§ **ACTIVITY**: Return all the lines below exactly. Any picture among them is omitted.
#####
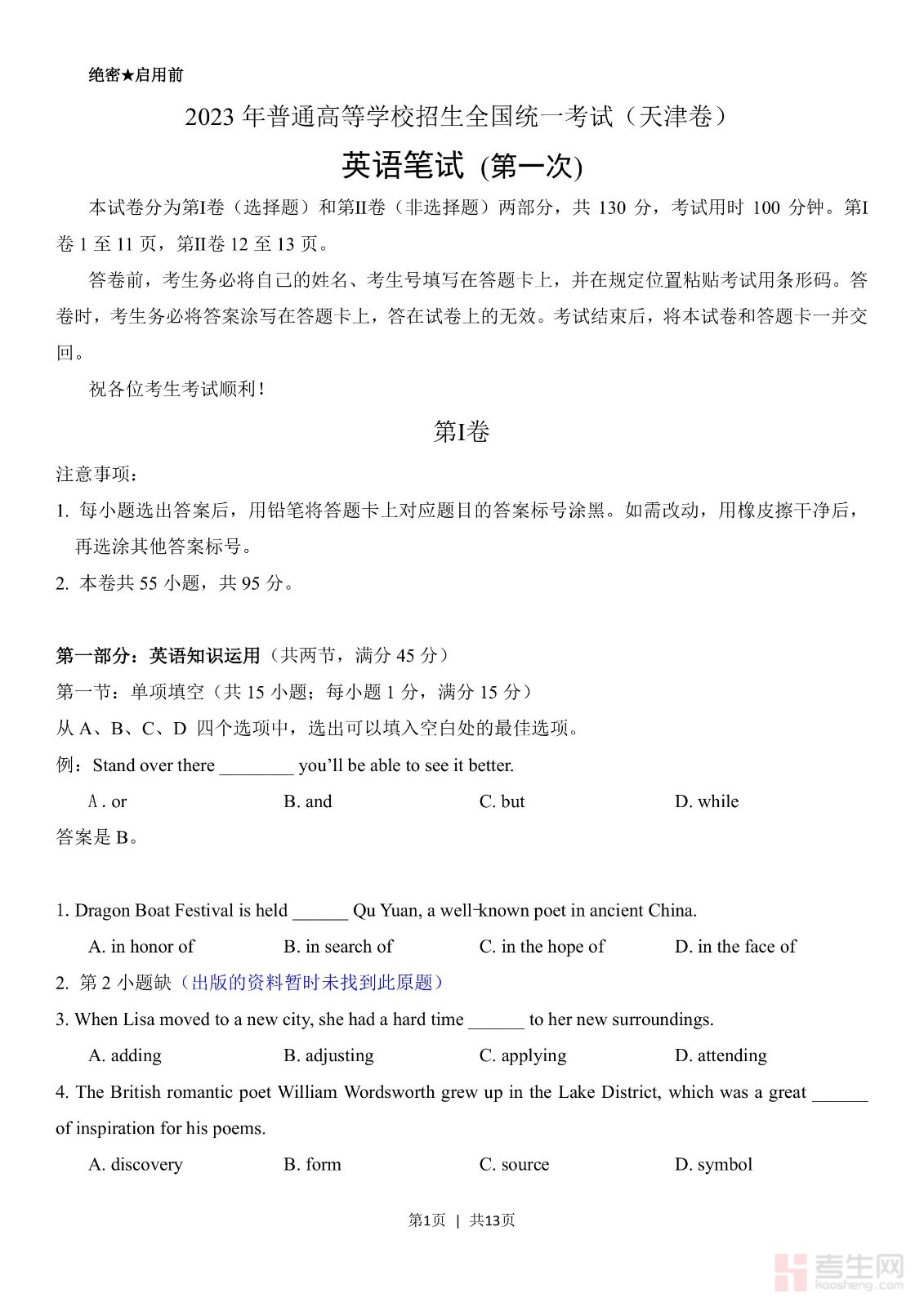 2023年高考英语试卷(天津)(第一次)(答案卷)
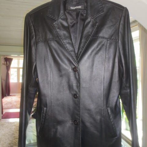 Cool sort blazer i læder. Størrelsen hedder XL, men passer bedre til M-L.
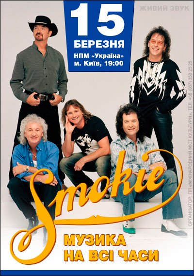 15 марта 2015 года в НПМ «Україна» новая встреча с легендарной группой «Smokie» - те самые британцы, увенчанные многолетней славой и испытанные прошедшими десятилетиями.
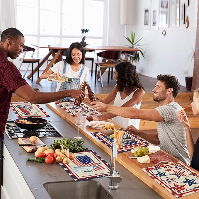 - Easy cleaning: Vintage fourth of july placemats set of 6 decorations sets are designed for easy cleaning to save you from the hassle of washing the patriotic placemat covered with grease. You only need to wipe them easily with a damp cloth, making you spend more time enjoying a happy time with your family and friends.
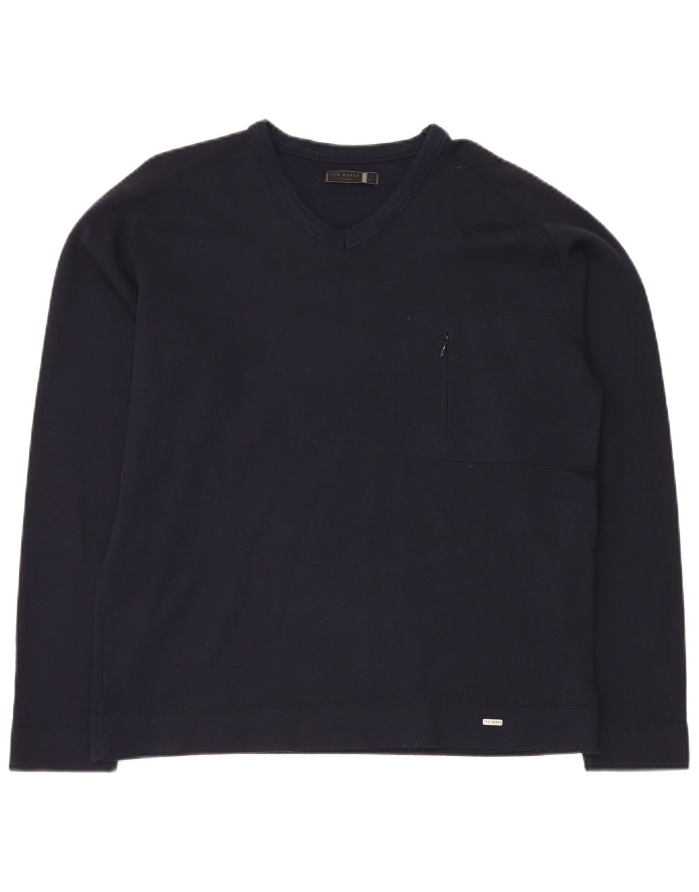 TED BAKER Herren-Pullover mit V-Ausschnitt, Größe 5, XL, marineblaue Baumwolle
#####
§ **EXERCISE SOLUTION**:
 2023年高考英语试卷(天津)(第一次)(答案卷)
 Cool sort blazer i læder. Størrelsen hedder XL, men passer bedre til M-L.
 15 марта 2015 года в НПМ «Україна» новая встреча с легендарной группой «Smokie» - те самые британцы, увенчанные многолетней славой и испытанные прошедшими десятилетиями.
 - Easy cleaning: Vintage fourth of july placemats set of 6 decorations sets are designed for easy cleaning to save you from the hassle of washing the patriotic placemat covered with grease. You only need to wipe them easily with a damp cloth, making you spend more time enjoying a happy time with your family and friends.
 TED BAKER Herren-Pullover mit V-Ausschnitt, Größe 5, XL, marineblaue Baumwolle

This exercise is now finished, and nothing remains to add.